Network routing is the ensemble of technologies for determining optimal paths for data delivery. These paths are selected as a result of complex policy-driven interactions between multiple networks and protocols. It is hard to understand the consequences of adopting particular policy configurations, especially since each individual operator's view of the global network is incomplete. Some combinations of policy can lead to loss of connectivity, the adoption of sub-optimal paths, or protocol convergence failure.

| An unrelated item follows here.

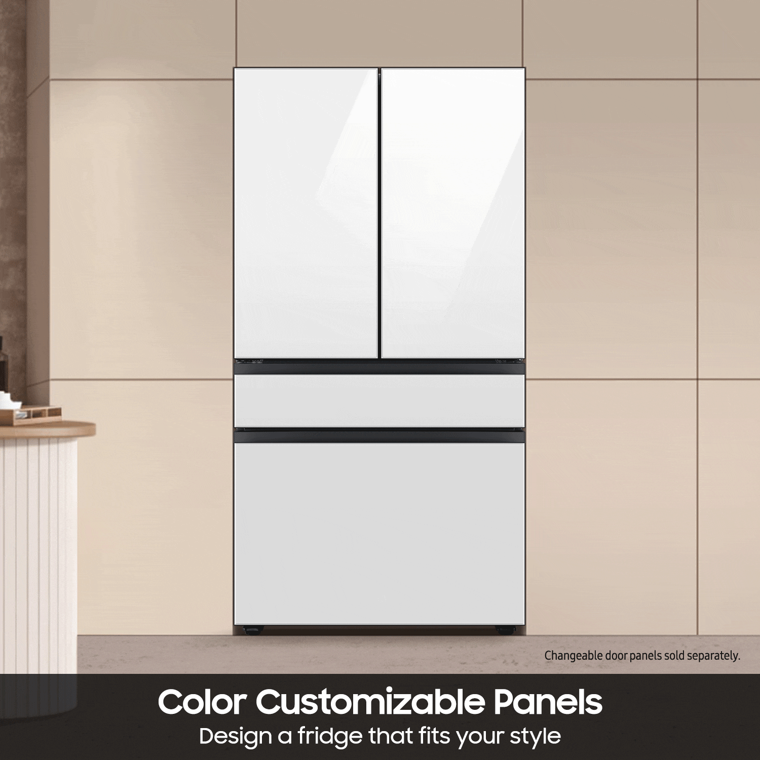 Samsung’s 23 cu. ft. Bespoke Counter Depth 4-Door French Door Refrigerator with changeable door panels(Changeable door panels are sold separately); lets you design a fridge that fits your style and space; Get easy access to cold water with the Beverage Center™, which features an internal dispenser and built-in AutoFill Water Pitcher; Plus, the FlexZone™ Drawer lets you customize the temperature of the middle drawer to fit your needs, with five adjustable settings.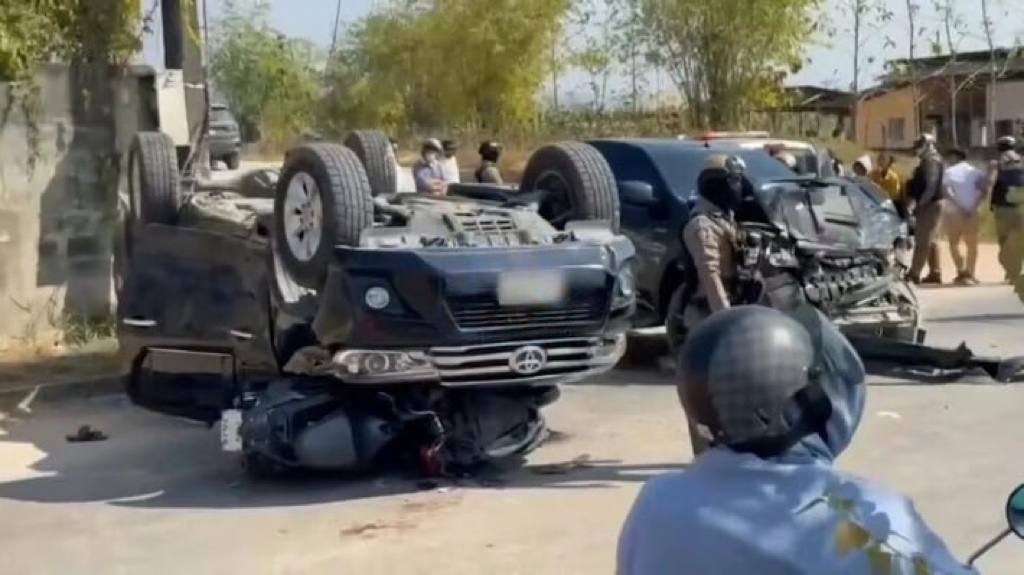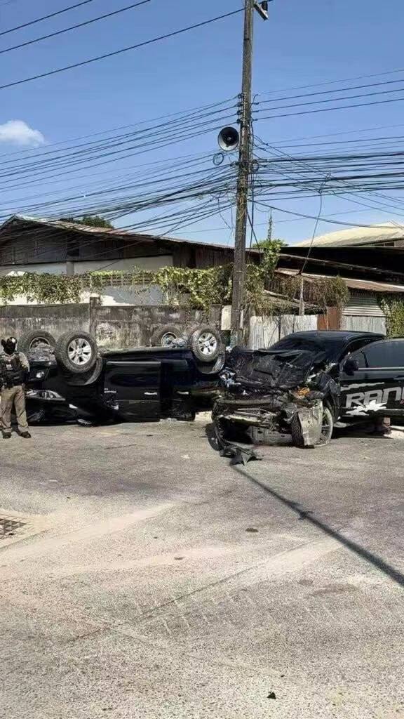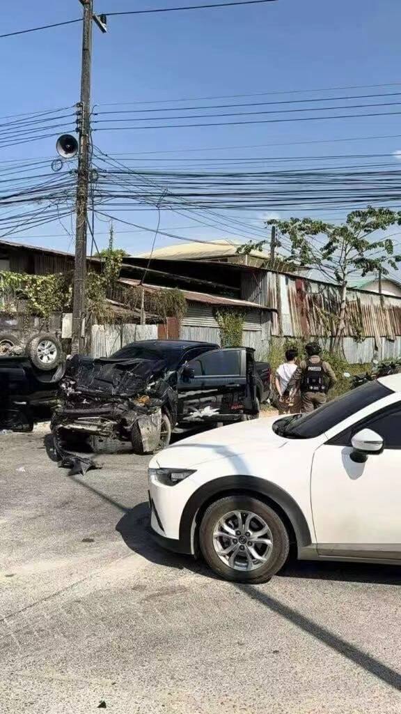 当一辆来自沙拉武里府的黑色福特Ranger皮卡驶入视线,司机发现检查站后迅速掉头逆行逃离。执勤警察判断其行迹可疑,可能藏有违禁物品,立即通知无线电中心及其他巡逻队协助拦截,并驾车及骑警用摩托车展开追捕。 据报道,该车在逃避追捕过程中,以不顾生命安全的高速疯狂行驶,最终在湄索县空春普拉坦路口附近的灌溉渠十字路口失控翻车,剐蹭其他车辆,导致多辆汽车受损,造成多人受伤。

This research project aims to provide theoretical and practical methods by which operators can manage the interaction of policy in the absence of complete information. The central formalism is a protocol-agnostic model of partial policy specifications. This model supports a variety of tasks, such as the synthesis of unspecified parts of local policy according to high-level objectives, configuration repair, and planned migration from one policy to another. Each of these applications is to be given a rigorous algorithmic basis in terms of the policy model, and implemented on simulated and real routing platforms. Additional research goals include the development of higher-level policy representations on top of the basic model, and providing tools for assessing policy privacy using the incomplete information framework.
The broader impacts of this research include the development of practical tools for policy analysis and synthesis, on standard network platforms. This will allow important routing policy management tasks to be carried out with confidence. Student projects connected to the development and validation of these tools will be of direct importance to their education.